If corporate accounts begin to feel the pressure, share buybacks are no longer in the managers’ plans. Photo: Getty Images.

Morgan Stanley analysts suggest there may still be $870 billion earmarked for share buybacks, just $10 billion less than the same period last year.

But they state that cost pressures “are driving down company margins and pose risks to earnings per share estimates.” Options managers should buy shares at significantly lower levels than in 2021 or maintain liquidity as a precaution. , at a time of tightening financial measures. conditions and economic slowdown.

Does not accompany the economic situation

In this sense, Daryl Cronk, Head of Systems and Information for Wealth Management at Wells Fargo, explained that with rising “transportation, logistics, staffing, and core costs putting pressure on profit margins and revenue growth, CEOs and financial advisors could exercise more caution and try to preserve liquidity.” At a time of economic uncertainty.

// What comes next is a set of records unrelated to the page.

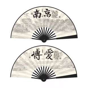 10寸南京景点折扇夫子庙总统府天下为公水墨国风折扇绢布景区扇子
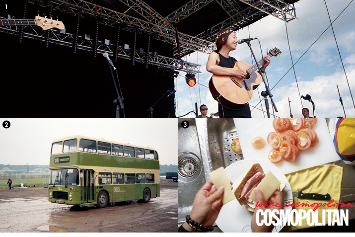 1 실버 헤이즈 존의 ‘Gully_Outer National’ 무대에 오른 나. 잠비나이도 바로 이 무대에 섰다. 2 글래스톤베리 페스티벌 셔틀버스. 3 4박 5일 동안 모든 의식주를 텐트촌에서 해결해야 했다.
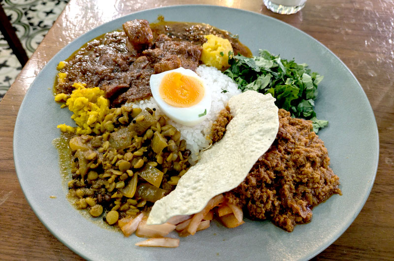 Curry combos come with a scoop of mild dal, pickled onions, pickled radish, a bit of cilantro, a soft-boiled egg, a very crisp wafer of papad, rice, plus optional toppings, producing a very appetizing mix of contrasting flavors on your plate.

This Wells Fargo analyst agrees with Morgan Stanley in explaining that buybacks are closely linked to confidence and sentiment from CEOs and companies, “both of which are not in the right direction as the second half of the year approaches,” Kronk explains.

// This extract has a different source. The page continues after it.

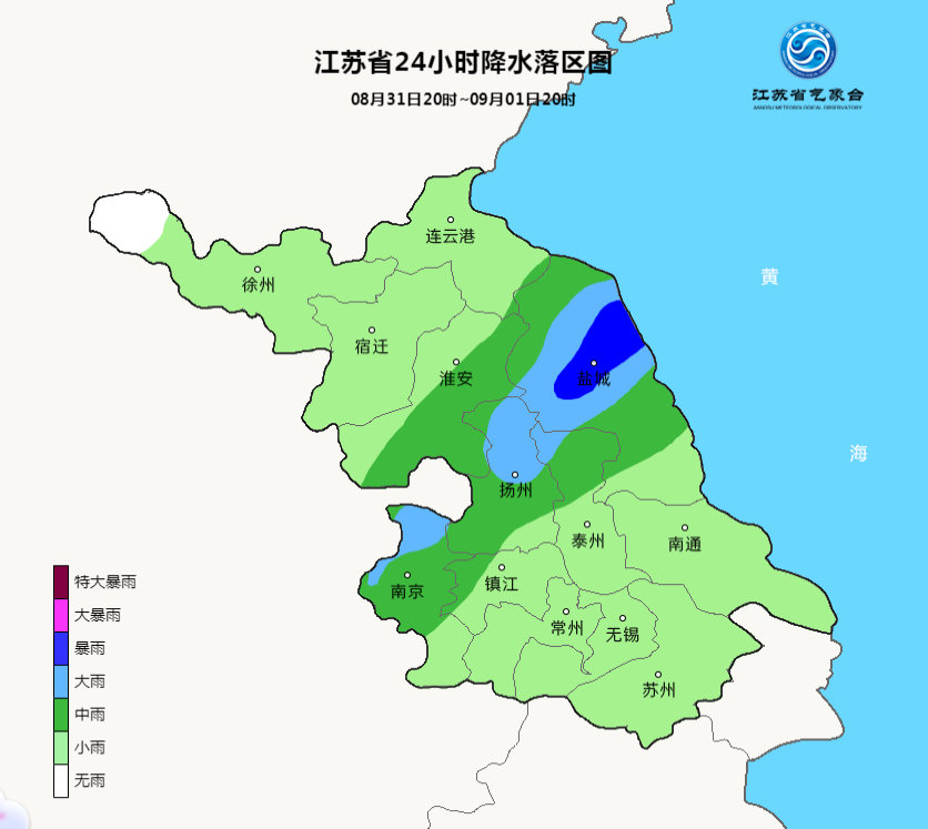 臺(tái)風(fēng)雖強(qiáng),不過對(duì)江蘇的影響較小。江蘇省氣象臺(tái)預(yù)報(bào),受“美莎克”外圍及高空槽共同影響,8月31日到9月2日江蘇多雷陣雨天氣。

Samir Samana, a global strategist for the same bank, explained that buybacks will actually slow in the second half of the year “with profits slowing (and even contraction)”, and his expectation that they will pause for some sectors such as finance, as happened during the pandemic.

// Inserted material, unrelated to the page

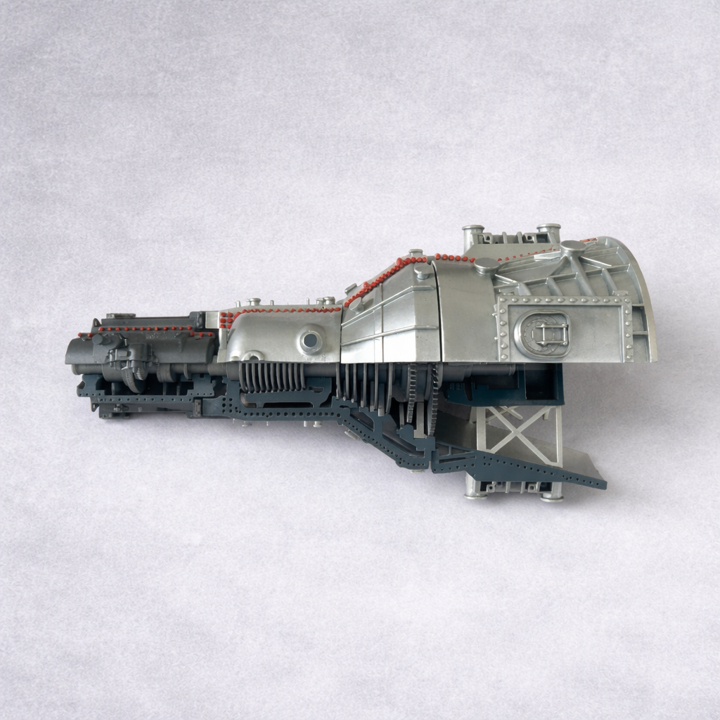 3D модель «Паровая турбина Кп-77-6,8». Это модульная платформа мощностью до 100 МВт, пригодная для утилизации ТКО, ПГУ и ПСУ. Ключевая особенность- осевой выхлоп низкого давления, что уменьшает габариты и упрощает интеграцию в энергоцикл.

“I’m not saying this is as severe as in the pandemic, but the idea for investors is that share buybacks tend to correlate positively with earnings/cash flow expectations, which will get a bit more complex,” Samana says.

Morgan Stanley analyzes indicate that not only will it be impossible to repeat the growth of 2021, but also in 2022 growth will be negative in the second half compared to the previous year, when these are usually periods when there is a greater impulse than this purchase of proprietary securities before companies.

This pattern of strong buying is usually broken in the second half of the year when the market is bearish, although in this market environment more is bought with less money.

Investors are currently being cautious, and given the choice of bonus, they prefer a bonus that can be put into their pockets.

The S&P 500 repo index, which usually does better than the general index, is down 17.29% so far this year compared to 22% for the S&P 500, while the S&P 500’s high-earnings index is down 4.3% in the period.